If your project data file has columns with only NAs, this code will check for those, provide their column headers for verification, then remove them.

In [15]:
# which have all NAs?
dropped = pd.DataFrame()
for sheet in ['sample_data','prep_data','analysis_data']:
    res = pd.Series(data[sheet].columns[data[sheet].isnull().all(0)],
                name=sheet)
    dropped=pd.concat([dropped,res],axis=1)
    

Which columns in each sheet have only NA values?

In [16]:
dropped

Unnamed: 0,sample_data,prep_data,analysis_data
0,samp_size,drive_location,sop


If you are fine with leaving these columns out, proceed:

In [17]:
for sheet in ['sample_data','prep_data','analysis_data']:
    data[sheet].dropna(axis=1, how='all',inplace=True)
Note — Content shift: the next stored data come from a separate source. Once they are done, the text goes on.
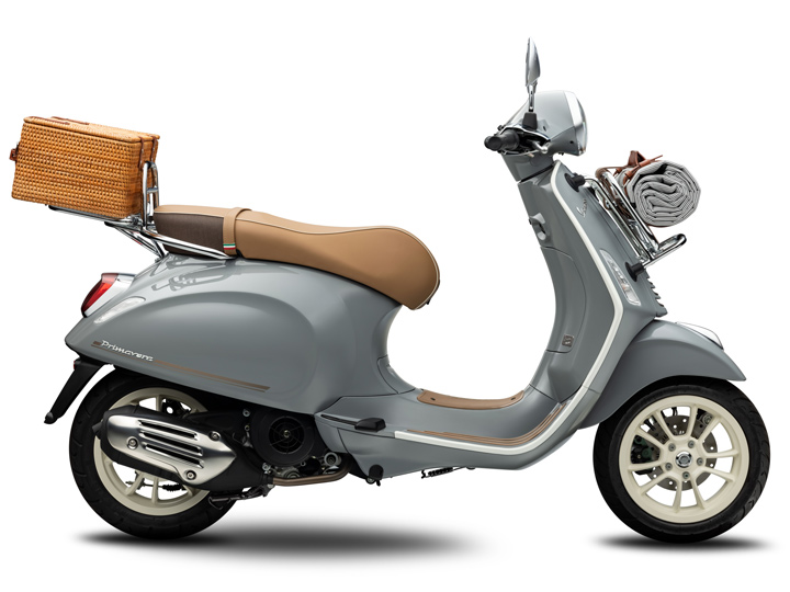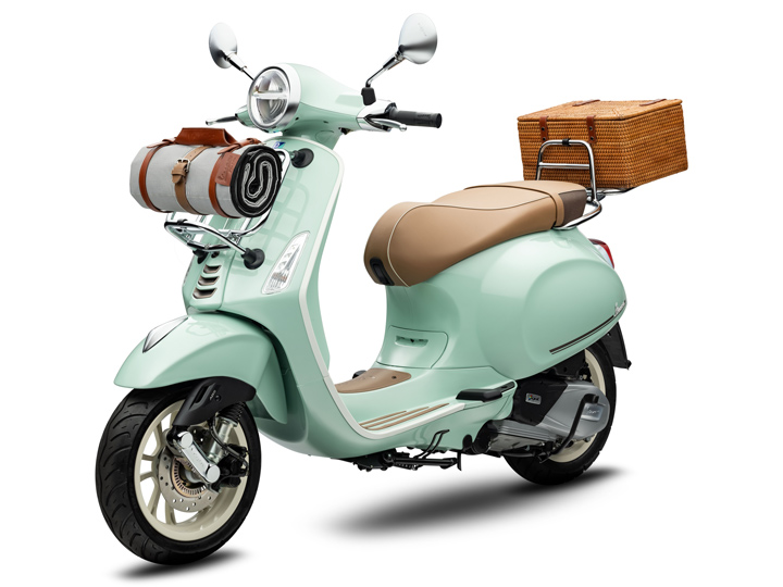 This limited edition comes with its appropriate accessories: A picnic blanket with an embossed Vespa Pic Nic logo; a rattan basket with fixing kit, which allows basket to located firmly on the rear rack; a white cooling bag is inside the basket where food and drinks can be stored once the journey outdoor begins; special Vespa tumblers; a branded fedora hat, a tote bag, and white T-shirt with heritage graphic.
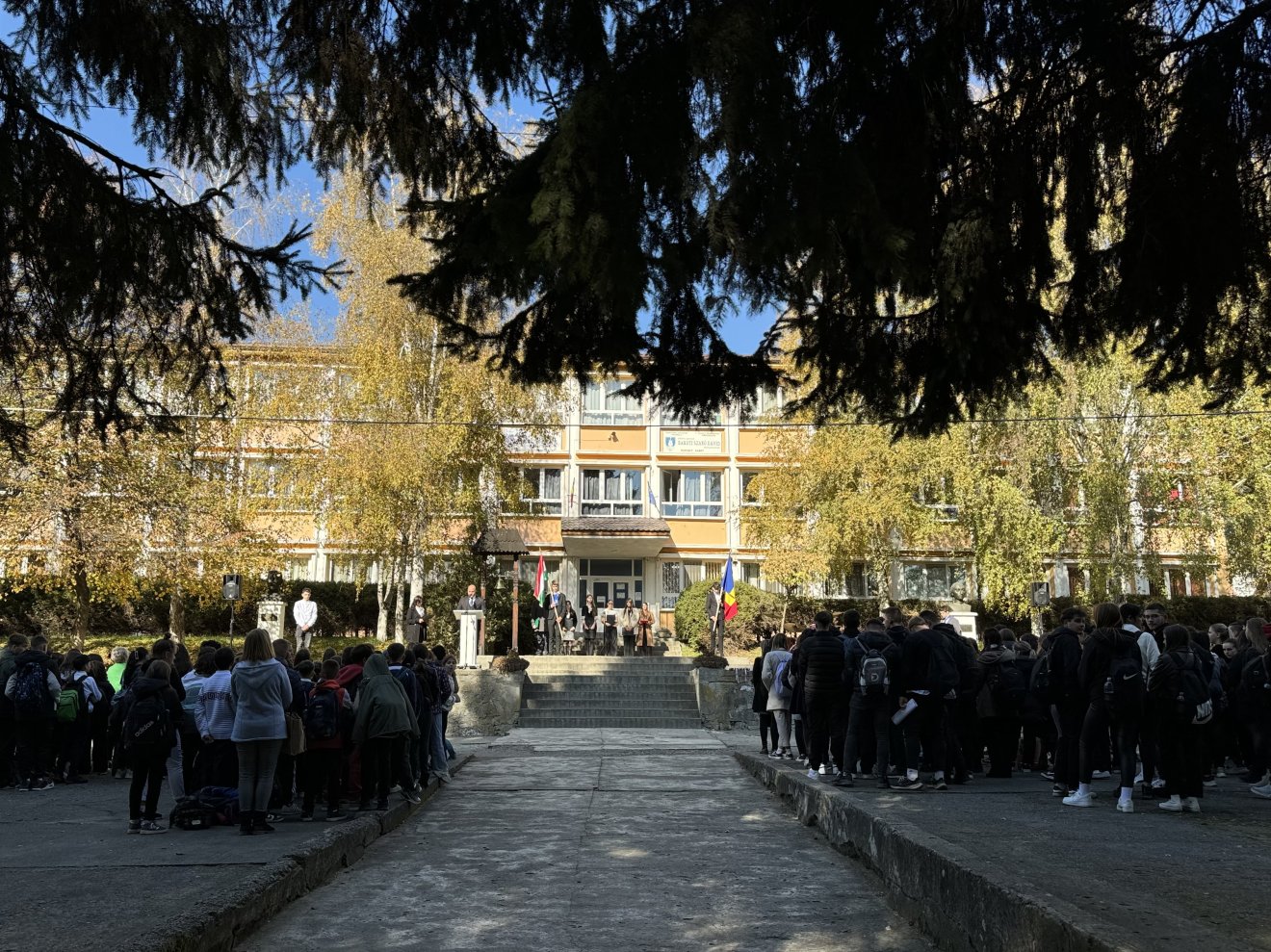A Baróti Szabó Dávid Technológiai Líceum diáktanácsa és nevelőtestülete szervezésében zajlott megemlékezésen benépesült az udvar.
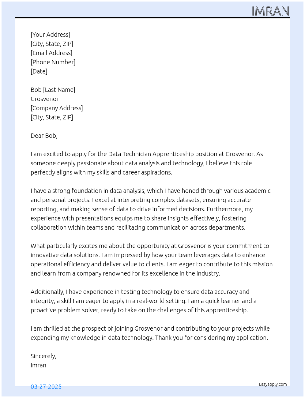 Check out these data technician cover letter sample and examples previously used by job seekers to land on job interviews as data technician. Use our AI cover letter generator to create a personalized cover letter as data technician.
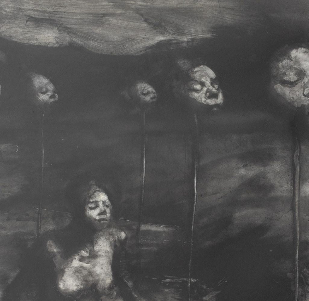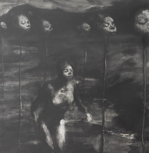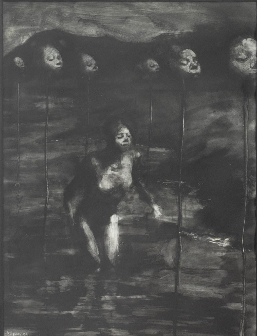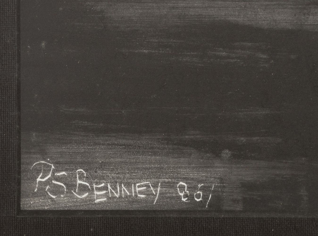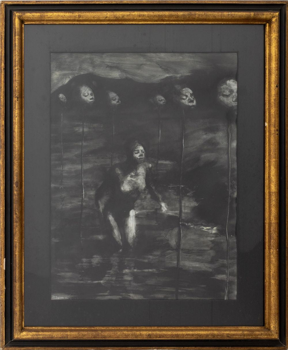 Paul S. Benney (British, b. 1959), The New American, Acrylic on Paper, 1986, signed and dated lower left, giltwood and ebonized frame. Image: 24.75" H x 18.75" W; frame: 35" H x 29.25" W x 1.25" D. Provenance: From an East Village and Hamptons Collection. Keywords: Painting, Oil painting, Works on Paper, Figural, Figurative, Nude, Female form, Abstraction, Abstract, Surrealism, Surrealist, Macabre, 20th Century Art, East Village Art Scene, Contemporary Art
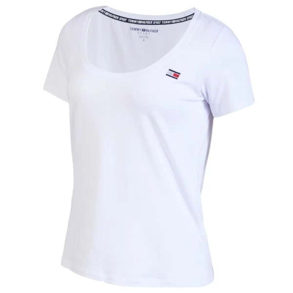 A small Tommy Hilfiger logo adorns the front of this cotton top, styled with a sweeping scoop neckline. Wear it to the gym, on the trail, or whever you get exercise.
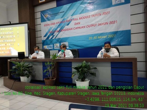 SRAGEN – KPU Karanganyar mengikuti kegiatan sosialisasi Aplikasi Sistem Akuntansi Keuangan Tingkat Instansi (SAKTI) Full Module Tahun 2021 dan Tata Cara Pengisian Pencapaian Output Tahun 2021, yang diselenggarakan oleh Kantor Pelayanan Perbendaharaan Negara (KPPN) Sragen, Senin (29/3/2021). Kegiatan yang digelar di aula KPPN Sragen Jl. Sukowati No. 15 C Sragen, untuk hari pertama diikuti oleh operator Aplikasi SAKTI dari 18 Satker di wilayah Kabupaten Karanganyar. Dalam kesempatan tersebut KPU Karanganyar menugaskan Tanti, selaku Operator Aplikasi SAKTI.
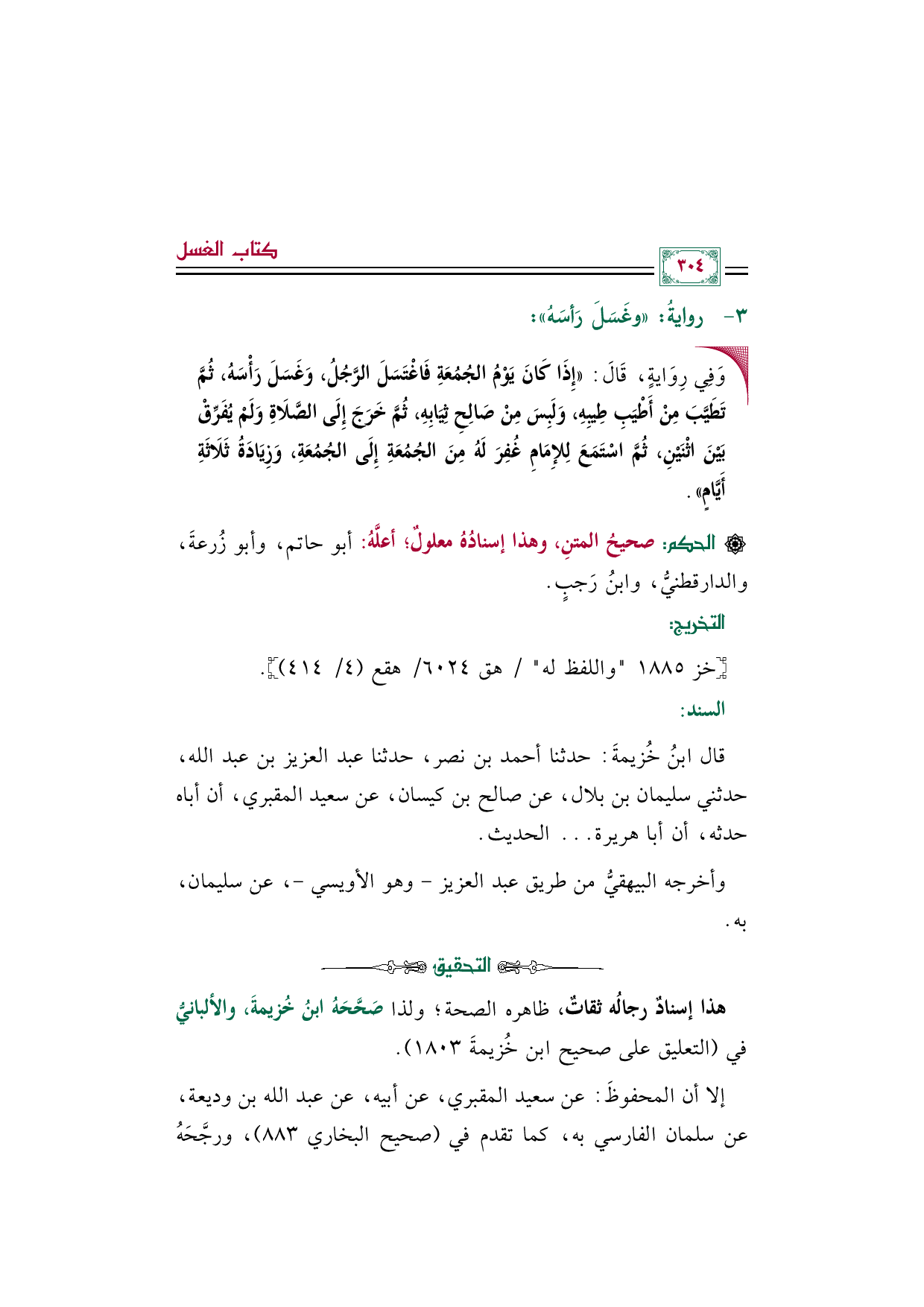 قال ابنُ خُزيمةَ: حدثنا أحمد بن نصر، حدثنا عبد العزيز بن عبد الله، حدثني سليمان بن بلال، عن صالح بن كيسان، عن سعيد المقبري، أن أباه حدثه، أن أبا هريرة ... الحديث.
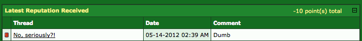 This entire ****ing thread shows that you do care. Don't sit and try to act all nonchalant about rep, like you're "better than that" in a thread entirely dedicated to you *****ing about the negative rep you're receiving. Posting stupid pictures isn't covering it up, either.
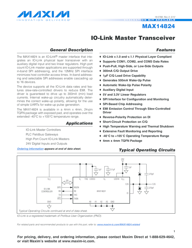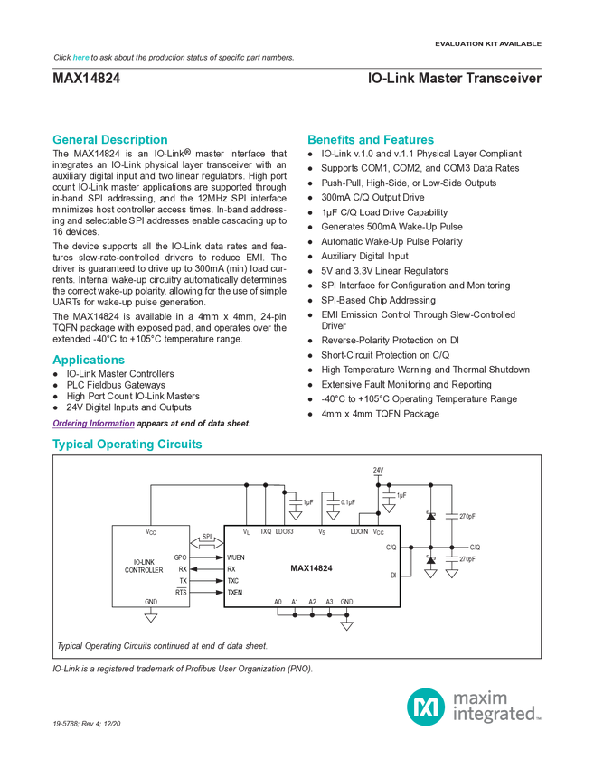 MAX14824 IO-Link Master Transceiver
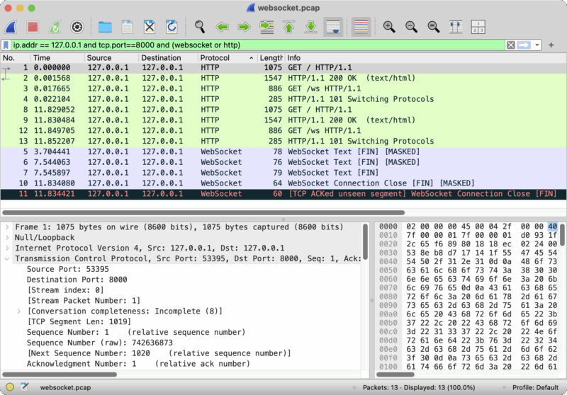 这是上图对应的报文数据 websocket.pcap,可以用 Wireshark 打开。
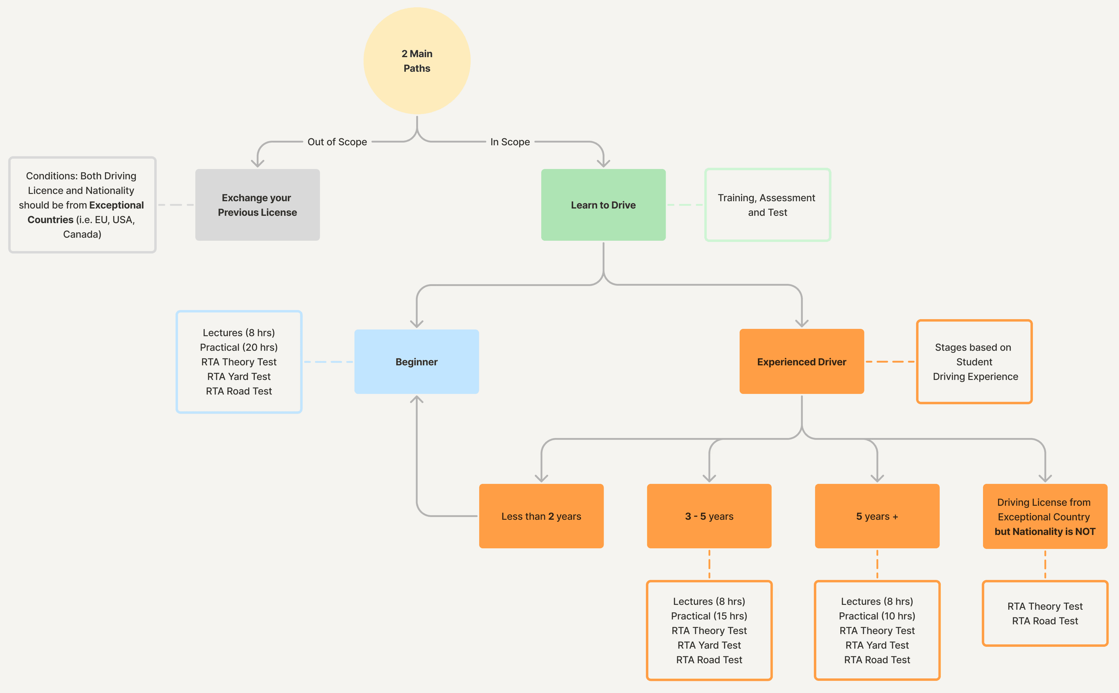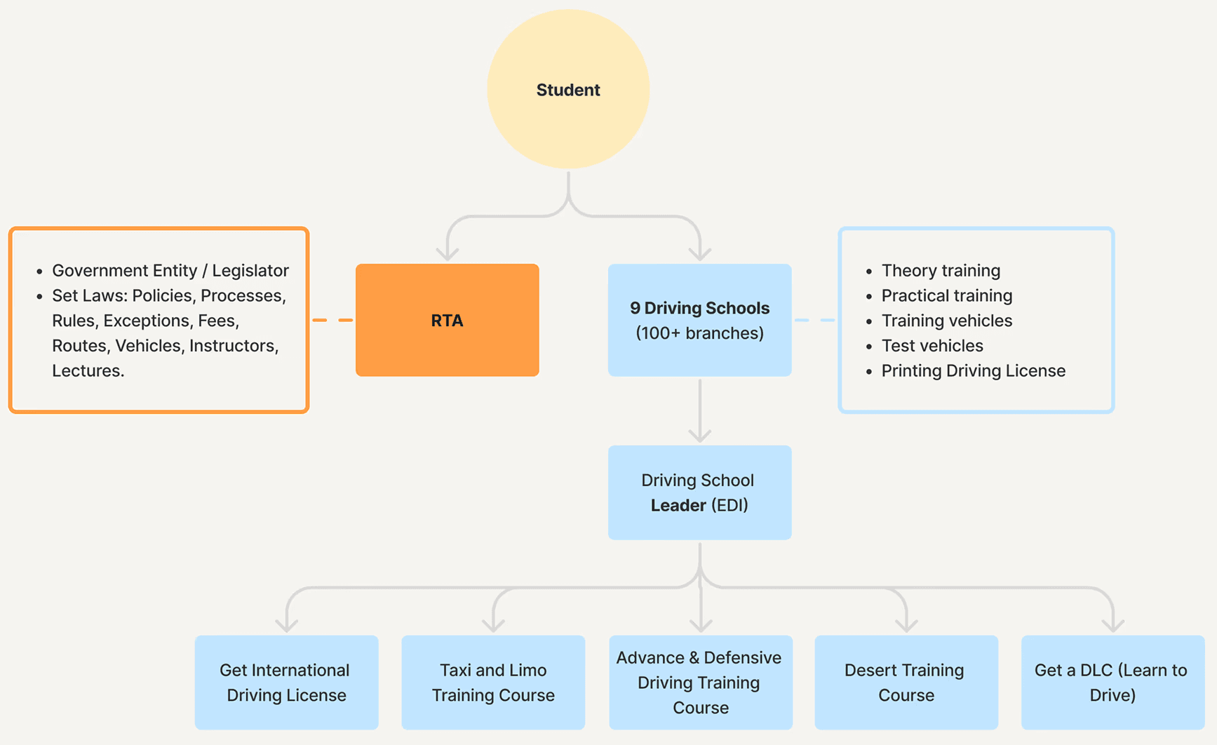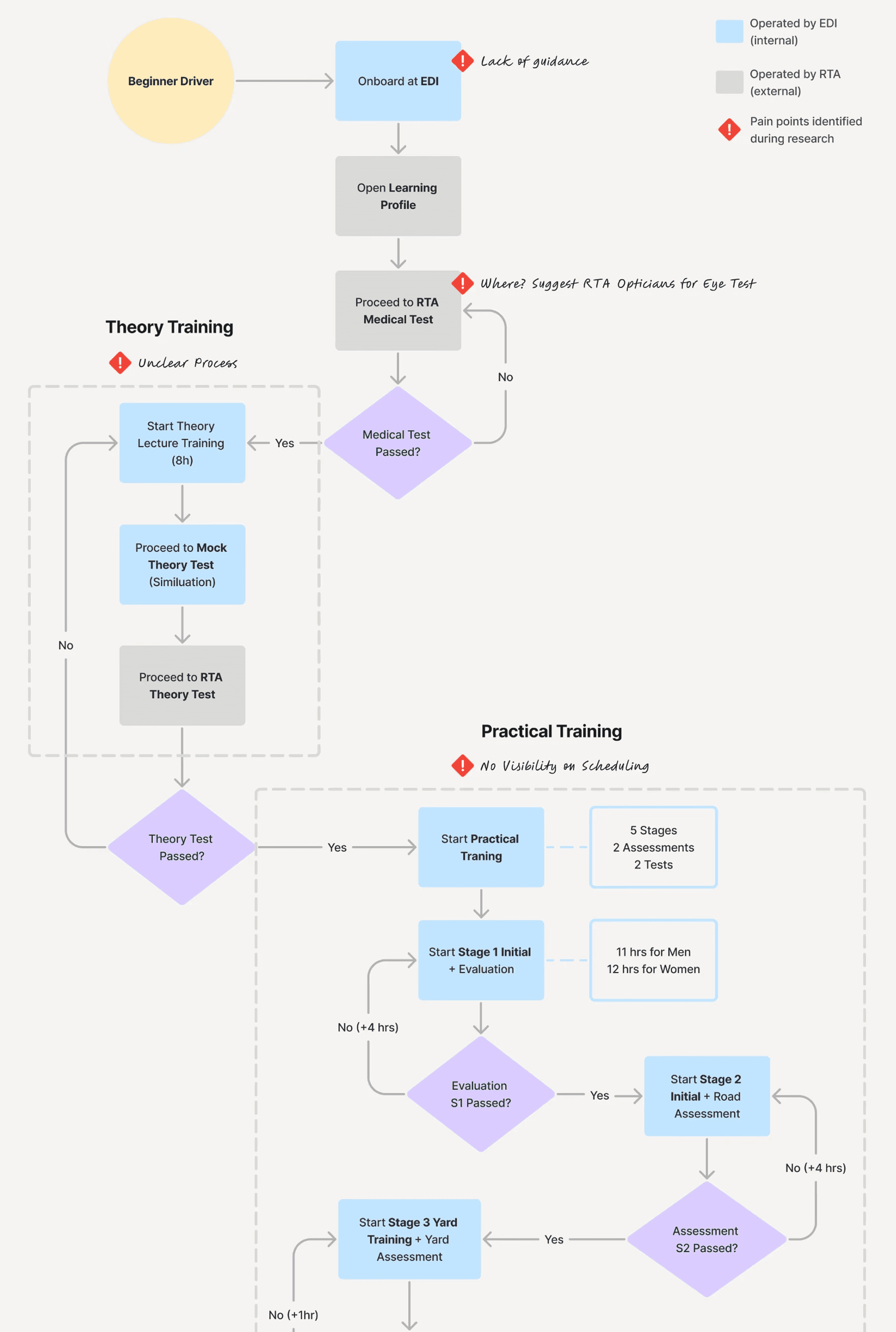 Mapping stakeholders from RTA regulators to driving school operators. I clarified the constraints, de pendencies, and approval points influencing the user experience.

Now let's check which columns have missing values in some of the rows. These should be filled in on the Excel sheet with the appropriate term ('not applicable', 'missing', or 'not collected'). Alternatively, you can drop the column if it is not needed for submission to OBIS.

In [18]:
# which columns have missing data (NAs) in some rows
some = pd.DataFrame()
for sheet in ['sample_data','prep_data','analysis_data']:
    res = pd.Series(data[sheet].columns[data[sheet].isnull().any()].tolist(),
                name=sheet)
    some=pd.concat([some,res],axis=1)

In [19]:
some

Unnamed: 0,sample_data,prep_data,analysis_data
0,notes_bottle_metadata,date_sheet_modified,date_sheet_modified
1,date_sheet_modified,modified_by,modified_by
2,modified_by,,


In [20]:
# drop columns with any missing data
for sheet in ['sample_data','prep_data','analysis_data']:
    data[sheet].dropna(axis=1, how='any',inplace=True)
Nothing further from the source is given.